Well, sorta. When Holley team member, Steve Sparkman pulled up in the Charger he had less-than-thrilling news. The transmission was acting up. We replied, “No problem. Let’s just cruise it to the location and we can shoot video and pictures there.” He agreed and we pulled into downtown traffic. Sure enough, the Nag1 wasn’t behaving and would need to be plugged into the computer for a diagnostic. That’s OK, it was a working prototype after all.
Then came the smell. At first we thought we had passed by an open sewer or a “honey truck,” but the acidic sulfuric stench began to burn our nostrils. As we lulled into the Beech Bend Park, the intensity increased. It was the car. Steve wheeled the red Charger under the pavilion (as the drizzle increased into light rain) and killed the engine. We quickly exited and began searching the car head-to-toe; it was coming from the trunk. Steve quickly unlocked the lid and saw the rear-mounted battery swelling, bulging at the sides. Total failure.
Procuring some hand tools, the battery was yanked from its tray and sat dozens of feet away in case it did decide to blow. The deteriorating battery rendered the Charger dormant until a replacement could be installed. Rather than wait for backup, a wrecker was called to carry the Charger home.
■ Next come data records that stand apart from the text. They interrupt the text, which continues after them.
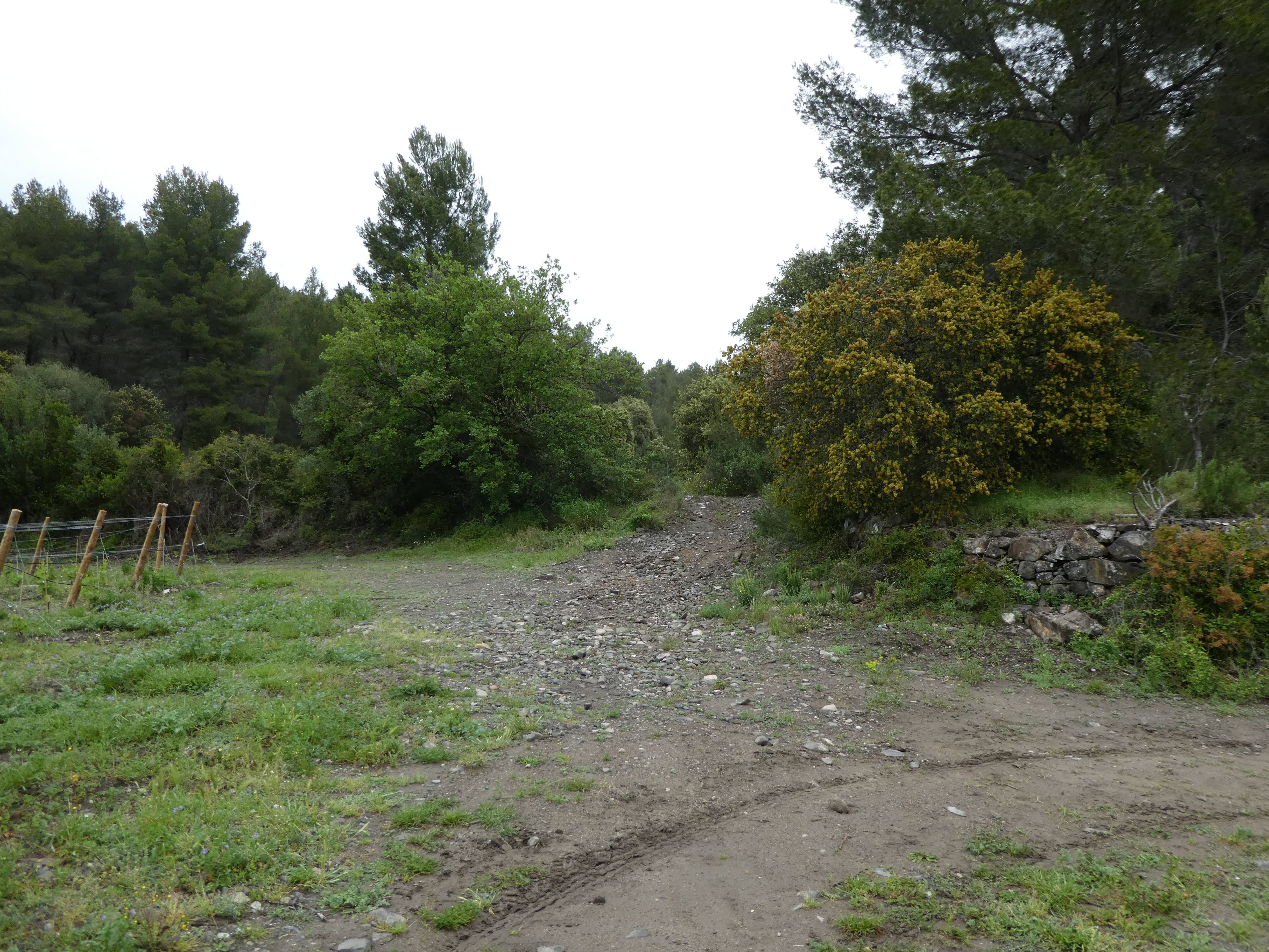 A ce croisement (800 mètres après le précédent) (134 m), suivre le chemin descendant sur la droite direction Cases-de-Pène, balisé sporadiquement en jaune (il est possible de suivre le large chemin partant tout droit qui rejoint en 250 mètres le chemin balisé en jaune ramenant à Cases-de-Pène
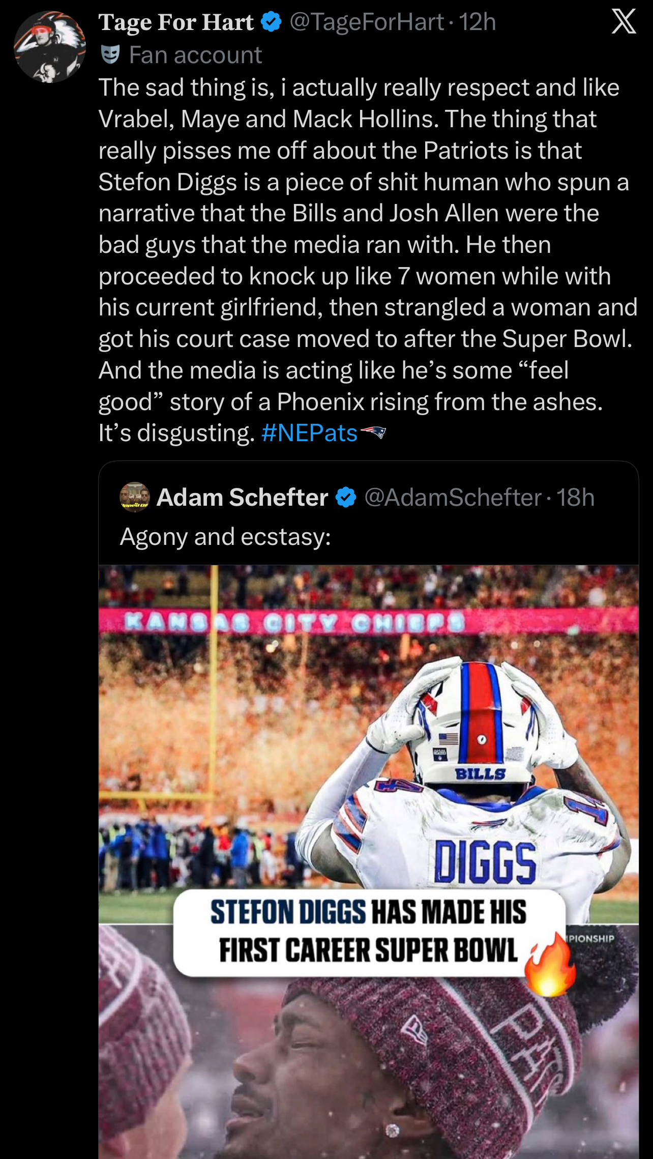 >>153176365Only upsetting thing about this is diggs has been charged with felony assault but the shitriots stood behind him, whereas AB was sued in civil court and they cut him 3 days later because he was reminding everyond that the turbojew owner is a sex pest/human trafficker epstein clientMoot point now because Coom won the owl and israeliots aren't winning jack shit, Kraft will die in piss soaked underwear and his kike son will run the franchise into the groundFuck jew england
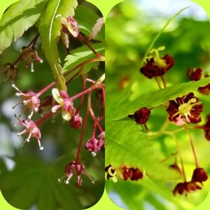 🌿イロハモミジ🌱 イロハモミジは雌雄同株。 一つの花序に雄花と両性花が〜6mmの小さな花を複散房花序に10〜20個つける。花序には短い軟毛が散生する。花弁と萼片は5個。雄しべはふつう8個あり、花からつきでる。葯は紫色。両性花の花柱は先が2裂し、外に曲がる。
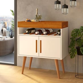 O novo Café Drink, em versão retrô e com portas é produto exclusivo Ofertamo, e com características próprias. Multifuncional, para você que adora modificar os ambientes da casa. Pode ser utilizado como aparador bar para servir e organizar seus drinks, copos e bebidas transformando sua sala em um bar completo, ou para organizar seu cantinho do café, seus espaços permitem uma melhor acomodação de utensílios e objetos. Estrutura em MDP de 12mm, adega para até sete garrafas, bandeja fixa, 2 portas e pés em madeira maciça Pinus. É um móvel surpreendente, que vai deixar o espaço muito mais charmoso e moderno.
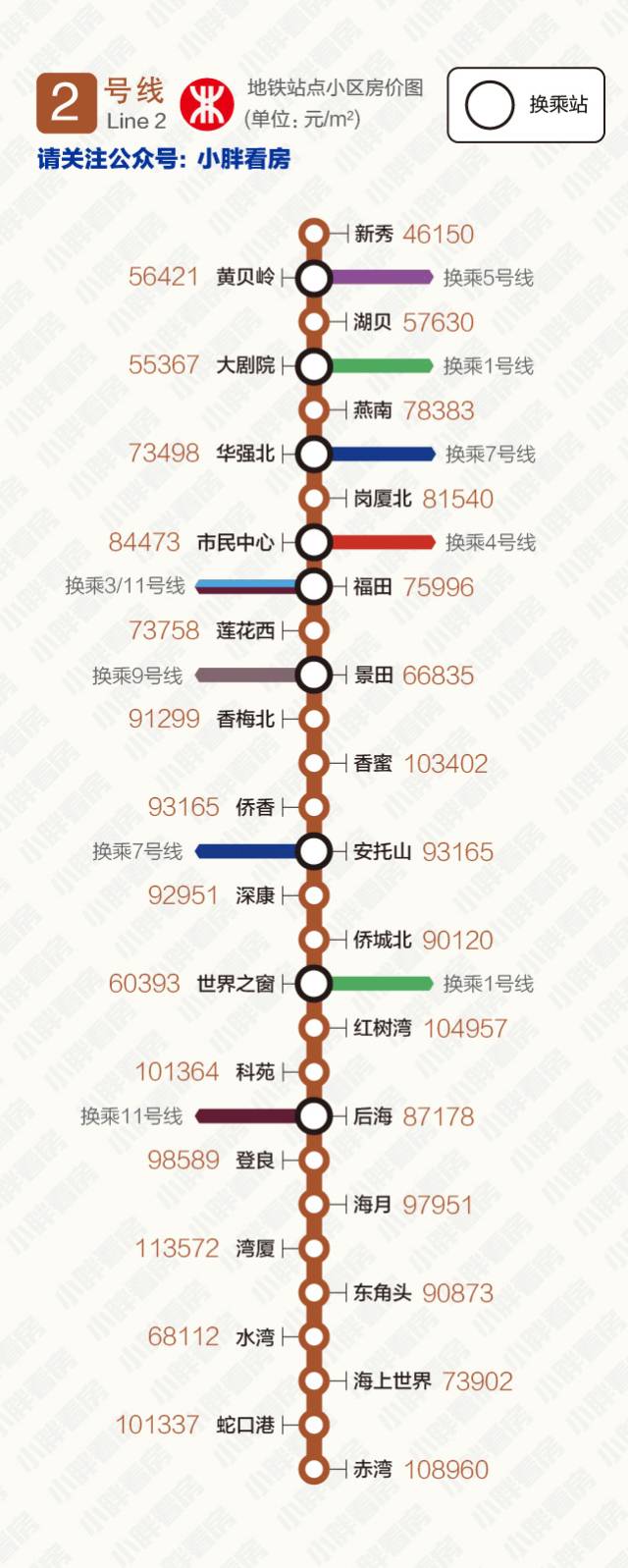 2号蛇口线,本月依然发挥稳定,有6个站点均价超过10万。
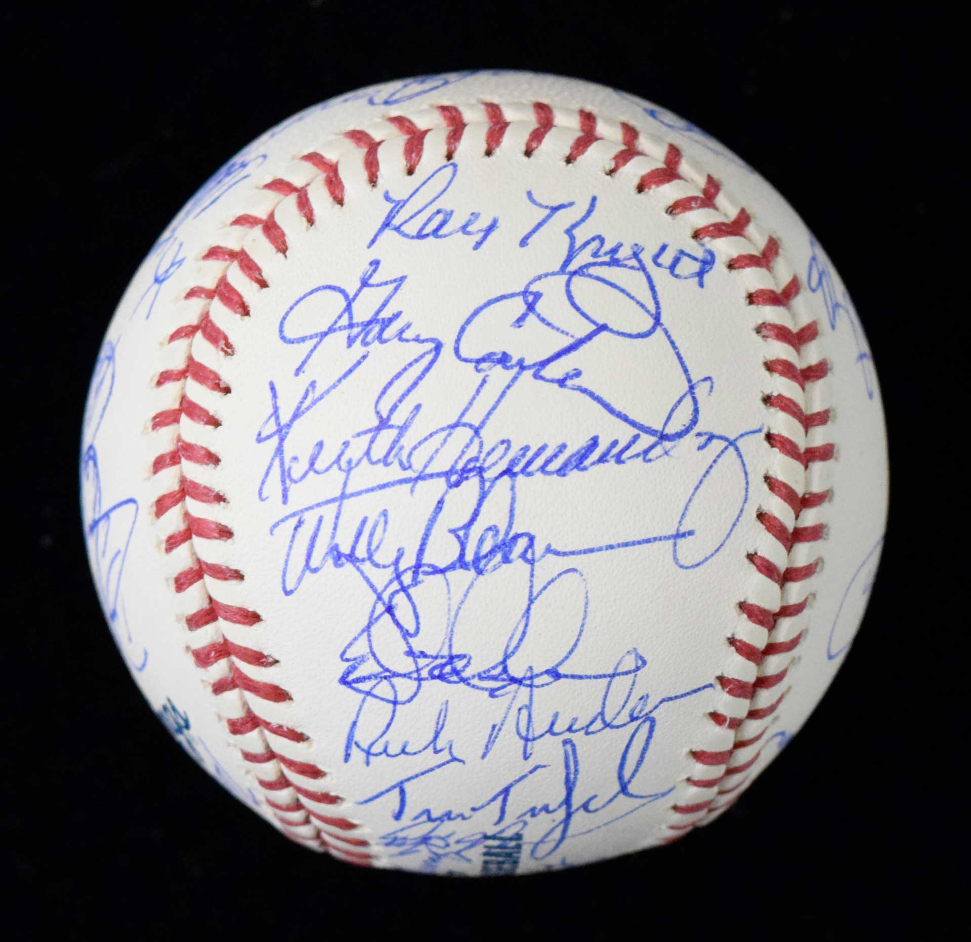 Description:1986 New York Mets reunion team signed baseball - JSA (NM). B.Selig ML ball signed by (33) members of the 1986 World Series champion Mets including Davey Johnson, Gary Carter, Keith Hernandez, Dwight Gooden, Darryl Strawberry, Lenny Dykstra, Ron Darling, Kevin Mitchell, Ray Knight, Wally Backman, Mookie Wilson, Sid Fernandez, Jesse Orosco, and others. Signatures rate 7/8 to 9/10 out of 10. Includes full LOA from JSA: NM
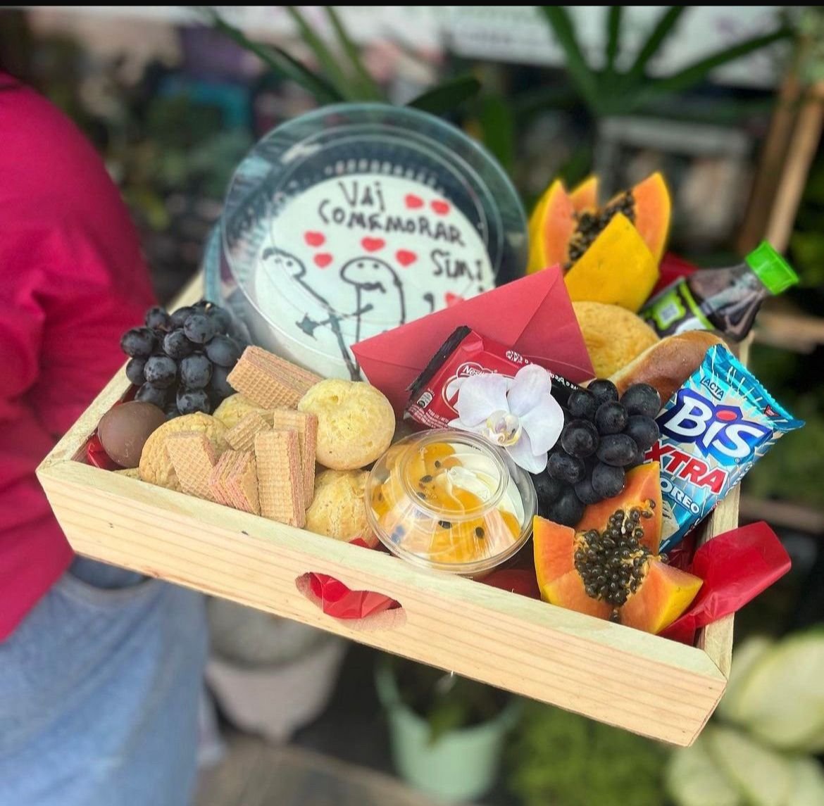 Este baú é um verdadeiro convite ao sorriso. Unimos a fofura do Bentô Cake personalizado com mensagens de carinho à leveza das frutas fresquinhas, como uvas e mamão, criando um equilíbrio perfeito entre doçura e frescor. Cada item, dos pães de queijo quentinhos às mousses cremosas, foi escolhido para transmitir cuidado em cada detalhe. É a escolha perfeita para dizer “estou a pensar em ti” com toda a doçura e ternura que o momento merece.

We snatched the keys to the 392-swapped Dodge Dakota that Bryan McTaggart had driven (more on that swap in a future story) and headed back to HQ. Rain had set in, and most of the office was vacated, so we bid farewell and headed home.
Thankfully, the failed battery was all that the Charger needed. With a fresh battery, the heavy toll on the electrical system was relieved, which helped the transmission controller perform better. While we’ve yet to return to Holley for a test drive, we’ve seen the Charger make plenty of appearances at various events and photoshoots – with an open invitation to return and give the Mopar a good, proper rip around Bowling Green when the sun is out.